Just noting publicly something that I stumbled upon while writing a small UTF-8 decoder: this seems to be a case where the strange ungetc()
function from the C standard library, would prove useful. man 3 ungetc
reads (emphasis mine):
ungetc()
pushes c back to stream, cast tounsigned char
, where it is available for subsequent read operations. Pushed-back characters will be returned in reverse order; only one pushback is guaranteed.

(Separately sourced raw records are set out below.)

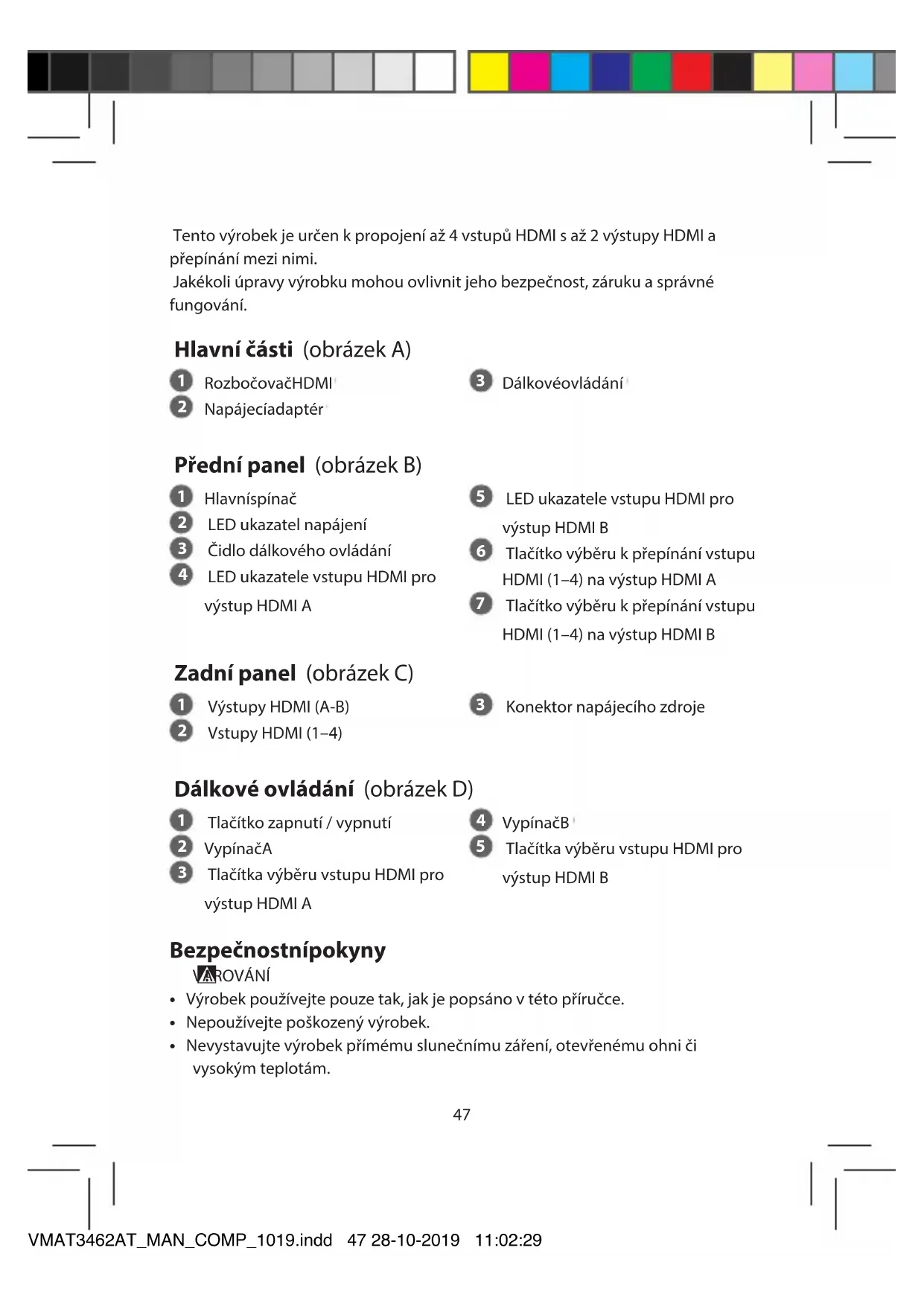 Tlačítka výběru vstupu HDMI pro výstup HDMI B Bezpečnostní pokyny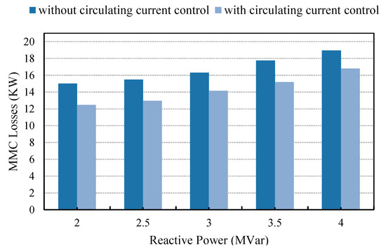 In order to evaluate the beneficial effects of the proposed circulating current control on MMC loss reductions, several studies have been accomplished. In this regard, MMC loss calculations have been performed considering a fixed load active power demand of 0.5 MW as well as various load reactive power demands. Figure 11 demonstrates the MMC losses, with and without circulating current control for five different values of reactive power. As it can be observed from the figure, the losses are decreased by more than 10% (and up to 16% in the first two reactive power amounts) due to mitigation of circulating current. This is while most recent studies in this field are suggesting less than 10% reductions in converter losses, using various second harmonic current control approaches [35,36]. Therefore, MMC loss evaluations provided in Figure 11 confirm that the proposed method can effectively improve converter operation in power loss terms, as well.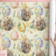 Tan Påskhare sitta bredvid ett vitt och blått blommigt med gult, rosa och blåa ägg med blommor på en ljusare vattenfärgsbakgrund i gult. Perfekt för Påsk gåvor eller Påsk födelsedagar. Cute för både familj och barn.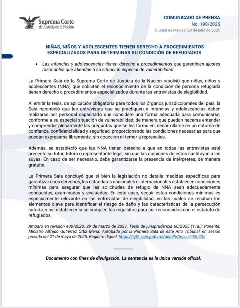 Cuidad de México.- La Suprema Corte de Justicia de la Nación (SCJN) emitió una resolución clave para la niñez migrante en México. La Primera Sala reconoció que las entrevistas de elegibilidad para el reconocimiento como persona refugiada deben realizarse con enfoque especializado.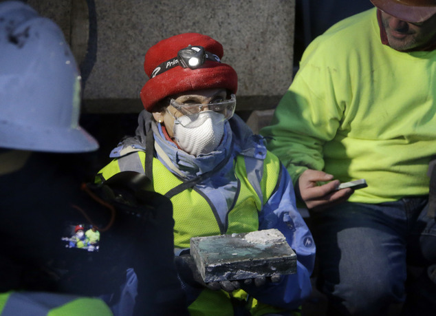 Pamela Hatchfield, a conservator at the Boston’s Museum of Fine Arts, holds a time capsule she had just removed from the cornerstone of the Statehouse in Boston, Thursday, Dec. 11, 2014. Secretary of State William Galvin said the 200-year-old time capsule is believed to contain items such as old coins and newspapers, but the condition of the contents isnt yet known. (AP Photo/Stephan Savoia)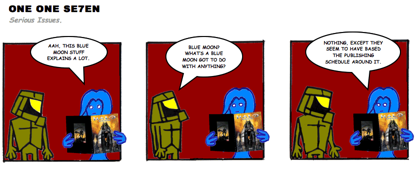 On April 30, 2003, Stuntmutt began turning in episodes of a new comic known as One One Se7en. We'll present them here, in the order in which they were submitted, as they come in. New submissions were added Monday, Wednesday, and Friday. On March 3, 2008, One One Se7en was retired from regular releases - Stunt's life got a tad too busy for 3 strips per week. (He still comes by with new content when the situation arises, however.)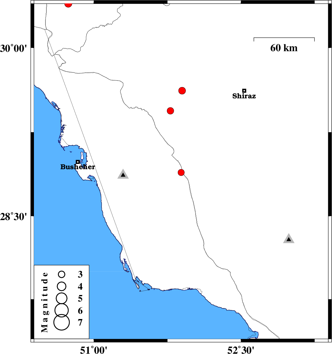 | 2008/11/05 | 09:46:57.3 | 13:16:57.3 | 29.62 | 51.9 | 15 | ML3.2 | 24 km East of Kazerun, Fars Province | ||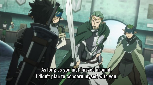 • Nothing you would ever hear coming out of Kirito’s mouth: “Maybe I’ll just let my friend handle her affairs. After all, it’s none of my business, she hasn’t asked for my help, and she looks like she’s capable of doing it herself.” Instead, he saunters forth coolly like a badass butts in and tells off Leafa’s party leader. And of course, now Sigurd wants to fight Kirito: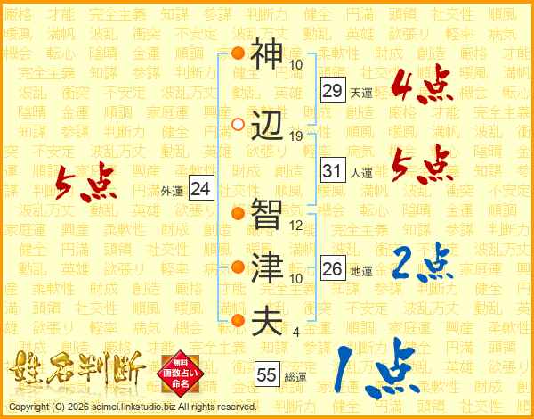 神(10画)辺(19画) 智(12画)津(10画)夫(4画)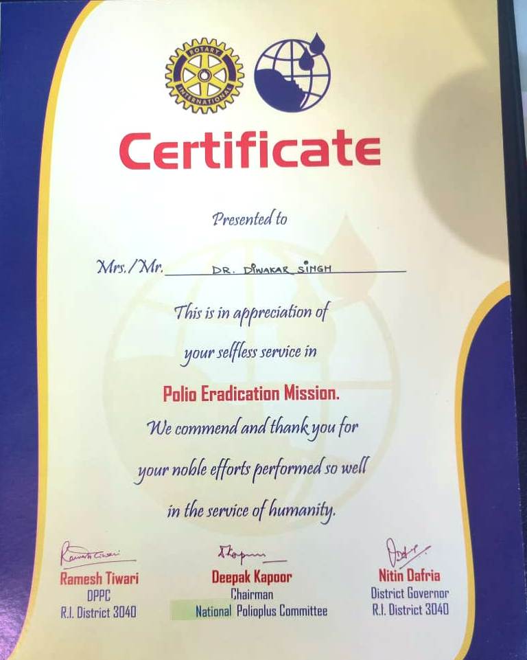 | Prof. Diwakar Singh Rajput | Polio Eradication Mission DPPC R.I. District 3040 | 07-03-2020 | Download |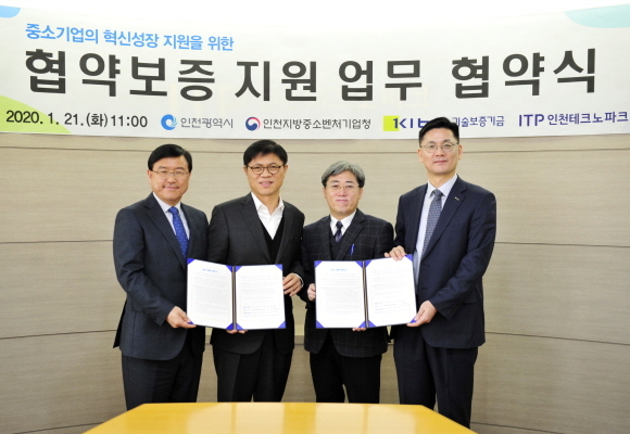 기술보증기금(기보)이 21일 인천 미추홀타워에서 인천시, 인천지방중소벤처기업청(인천중기청), 인천테크노파크와 함께 ‘협약보증 지원 협약’을 체결했다고 밝혔다.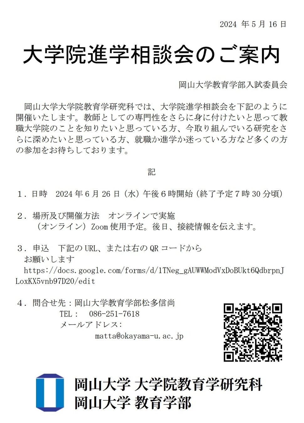国立大学法人岡山大学(本部:岡山市北区、学長:那須保友)の大学院教育学研究科では、2024年6月26日(水)18:00~にzoomによるオンラインで大学院進学相談会を開催いたします。
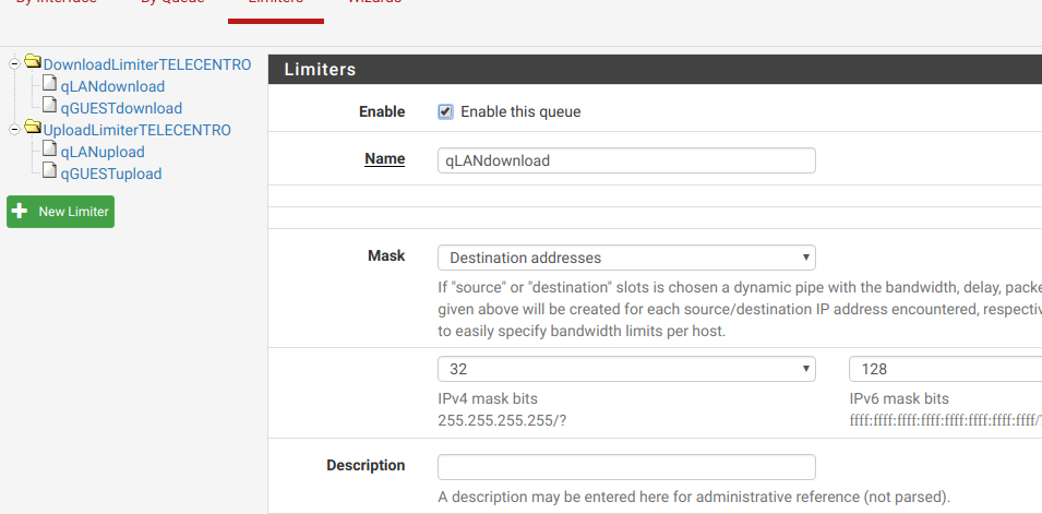 I have upgraded to 2.4.4, and limiters dissapeared. I recreated them, but there was no incoming traffic at all. Upload traffic seemed ok. So, i reverted to 2.4.3 (it's a VM), but then i realized that in 2.4.3 i cannot edit the limiters, or the shaper, or bad things happen. Just by modifying the bandwidth on the limiters resulted in very low incoming bandwidth (something like 700 kbps instead of 3.5 mbps). So, i decided to delete all limiters and re-create them, and i got the same problem than with the upgrade to 2.4.4: no incoming traffic. Removing the traffic shaper (CBQ) also resulted on the same problem. Fortunately, i just reverted to a previous snapshot, and restored normal functionality. But it seems like i cannot modify anything at all on the shapers/limiters, or bad things happen. Not good.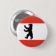 Round Button with flag of Berlin, state flag with horizontal stripes of red and white, with an illustration of a black bear in the centre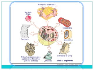 O documento descreve aspectos fundamentais da biologia celular, incluindo a teoria celular, os tipos de células e suas organelas. A biologia é o estudo da vida em seus diversos aspectos, e a teoria celular estabelece que todos os organismos são compostos por células, que as células nascem de outras células e guardam informações hereditárias. O documento também diferencia células procarióticas e eucarióticas.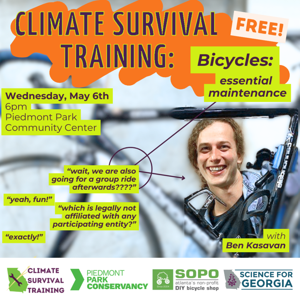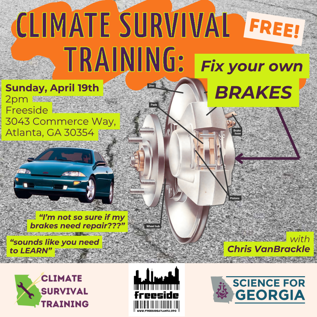 Learn with Chris VanBrackle how to change the brakes on a car safely! Its easier that you think! This hands-on class fits with a theme of community resilience and autonomy education and we may spend some time talking about that stuff more broadly too. Given all that, it is really no surprise that this is a collaboration with the Climate Survival Training series from Science for Georgia.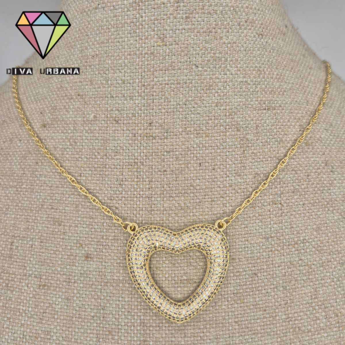 C4187 COLAR ELO DUPLO CORACAO VAZADO GG CRAV ZIRC CRISTAL

In a UTF-8 decoder we need it to handle invalid UTF-8 sequences. The sequence is read byte-by-byte; if the new byte makes the current sequence invalid, then we should do something with the invalid sequence, then start decoding again from the new byte. So conceptually, we push the new byte back into the input stream (unget_char
); or, equivalently, we read from the stream it but don’t consume it (peek_char
) until we are sure to proceed with it. We never need to peek / push back more than one byte.
OCaml’s in_channel
does not have these operations. Of course one can use an additional buffer to store the maybe-read last byte, but then it is a bit annoying because (1) it requires implementation effort from the user of in_channel
, (2) it adds an abstraction on top of in_channel
(if done in a reusable way), and (3) it adds a bit of boxing. I looked at the C implementation of in_channel
a while ago: it seems to me that, considering how the input buffer is handled, it is never empty, so peek_char
could be implemented there today with near-zero implementation effort.
unget_char
is a peculiar interface indeed (what if I’m at the start of the file? what if I try to push a byte different from the last byte read?), but peek_char
feels relatively natural, and should be easy to implement (if the buffer is empty, then inputs the next chunk but do not advance the offset), only with the perhaps-surprising constraint that we cannot peek more than one byte.
My 2 cents. I guess this has been discussed before.
PS: My code is also an example where we would like to be able to produce an in_channel
wrapper that would read from a string
. Which is not possible with OCaml.
PPS: I guess some folks here might have an opinion on my handling of UTF-8.